2. Dockerfile.default (Baseline) - Based on Vercel's official example:

   • Standard Node.js Alpine base
   • Traditional npm/yarn/pnpm/bun package manager detection
   • Multi-stage builds without cache mounts
   • Industry-standard baseline for comparison

From the repository root:

# First, install dependencies in the example directory cd example bun install cd .. # Build with OPTIMIZED Dockerfile docker build -f Dockerfile -t nextjs-benchmark:optimized ./example # Build with DEFAULT Dockerfile (for comparison) docker build -f Dockerfile.default -t nextjs-benchmark:default ./example # Run the container docker run -p 3000:3000 nextjs-benchmark:optimized

Then visit http://localhost:3000 to see the benchmark app in action.

This repository includes a GitHub Actions workflow that automatically benchmarks both the optimized and default Dockerfiles on every push.

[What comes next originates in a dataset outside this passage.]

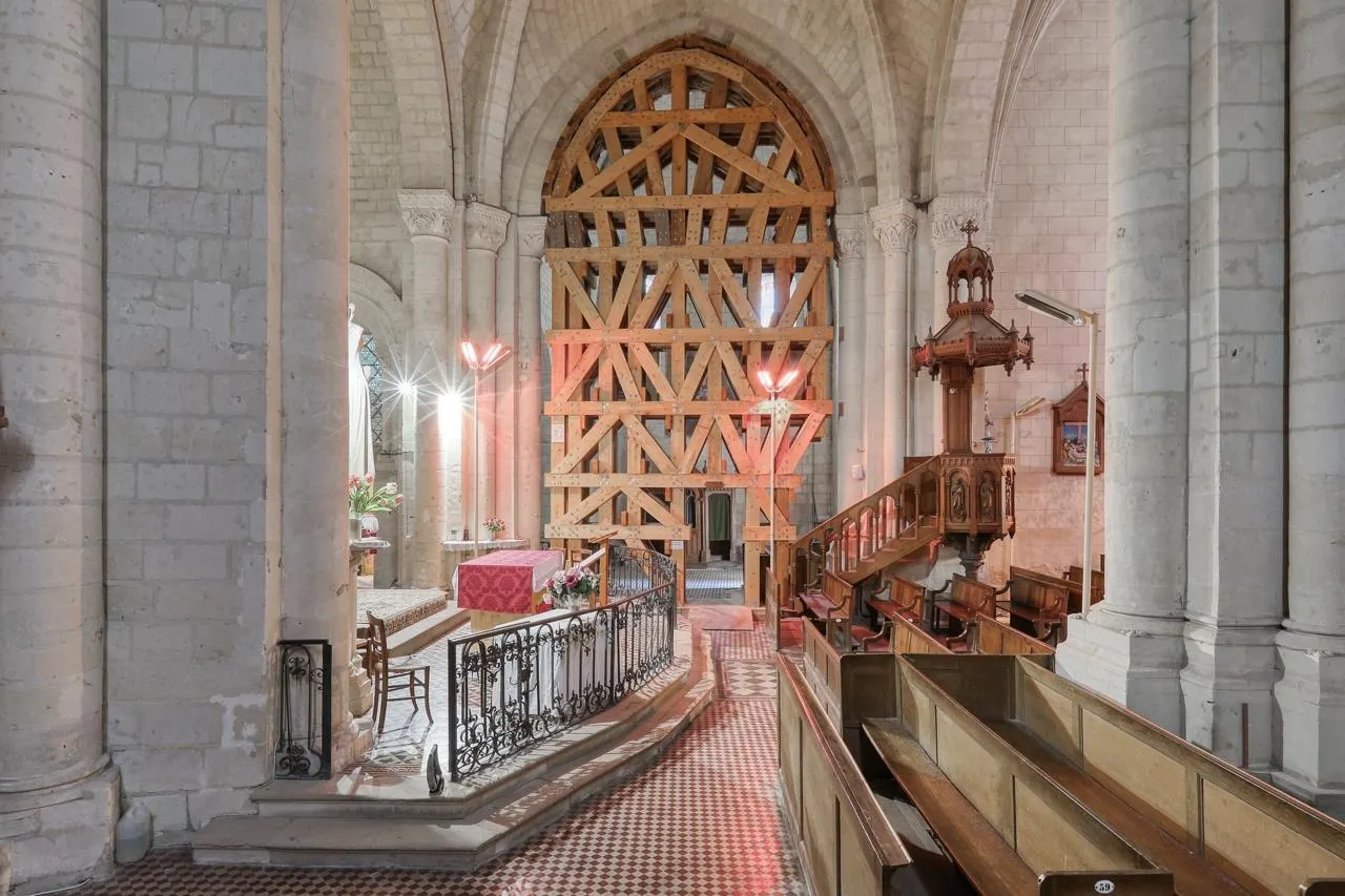 Fragilisé au fil des siècles, le monument présente aujourd’hui d’importantes fissures apparentes, à l’intérieur mais aussi à l’extérieur du site religieux. En effet, indique la mission dans son communiqué cinq jauges Saugnac de type G6 sont posées le 8 avril 2002 sur les piles sud-est et sud-ouest de la croisée. La pose des témoins donne lieu à des observations jusqu’au 20 septembre 2002. Le bureau d’étude préconise de fermer l’édifice, de poser des jauges supplémentaires et de poursuivre leur surveillance pendant 4 mois minimum. Les résultats conduisent à la mise sous l’étaiement de l’arc-doubleau sud de la croisée en 2003. Cette poussée de la charpente de la sacristie, et la présence d’une importante fissure sont déjà constatées en 1953 et des consolidations au ciment ont eu lieu en 1960.Â

The workflow runs two parallel jobs:

1. Optimized Dockerfile - Uses BuildKit cache mounts, Bun, and multi-stage builds
2. Default Dockerfile - Based on Vercel's official example

Each job performs three build stages:

• 🧊 Cold build - No cache (--no-cache), simulates first-time build
• 🔥 Warm build - With cache after code change, simulates typical development rebuild
• 🚀 Hot build - Full cache with no changes, shows best-case caching performance

To view benchmark results:

• Check the Actions tab in this repository
• Look for "Docker Build Benchmark" workflow runs
• Each run includes a detailed summary comparing both Dockerfiles

To run benchmarks locally:

# Test optimized Dockerfile time docker build -f Dockerfile -t nextjs-benchmark:optimized ./example # Test default Dockerfile  time docker build -f Dockerfile.default -t nextjs-benchmark:default ./example

1. BuildKit Cache Mounts: The Bun install cache (~/.bun/install/cache) and Next.js build cache (.next/cache) persist between builds, eliminating redundant work
2. Layer Ordering: Dependencies are installed before copying application code, so code changes don't invalidate the dependency layer
3. Bun Speed: Dependency installation is significantly faster than npm/yarn
4. Incremental Builds: Next.js caches compiled pages, so only changed pages need rebuilding

# Scenario 1: Cold build (no cache) docker builder prune -a -f time docker build -f Dockerfile -t nextjs-benchmark:cold ./example # Scenario 2: Warm build (code change with cache) # Edit a file, then rebuild echo "// Modified: $(date)" >> example/app/page.tsx time docker build -f Dockerfile -t nextjs-benchmark:warm ./example # Scenario 3: Hot build (no changes, full cache) time docker build -f Dockerfile -t nextjs-benchmark:hot ./example # Compare with default Dockerfile docker builder prune -a -f time docker build -f Dockerfile.default -t nextjs-benchmark:default-cold ./example echo "// Modified: $(date)" >> example/app/page.tsx time docker build -f Dockerfile.default -t nextjs-benchmark:default-warm ./example time docker build -f Dockerfile.default -t nextjs-benchmark:default-hot ./example

This Dockerfile is specifically optimized for CI/CD scenarios where:

1. Cache mounts persist between builds (supported by most modern CI systems like GitHub Actions, GitLab CI, CircleCI)
2. Layer caching is enabled and reused across builds
3. Dependencies change infrequently compared to application code
4. Multiple builds per day benefit from cached downloads and build artifacts

Expected performance (based on 2000-page benchmark app):

• 🧊 Cold build (first time): 5-10 minutes (depending on project size and page count)
• 🔥 Warm build (code changes): 30-90 seconds (90%+ time savings)
• 🚀 Hot build (no changes): 5-15 seconds (99%+ time savings)

The optimized Dockerfile shows the greatest improvement in warm/hot builds thanks to BuildKit cache mounts. See the Benchmark Example App section for automated benchmark results and direct comparison with the default Dockerfile across all three scenarios.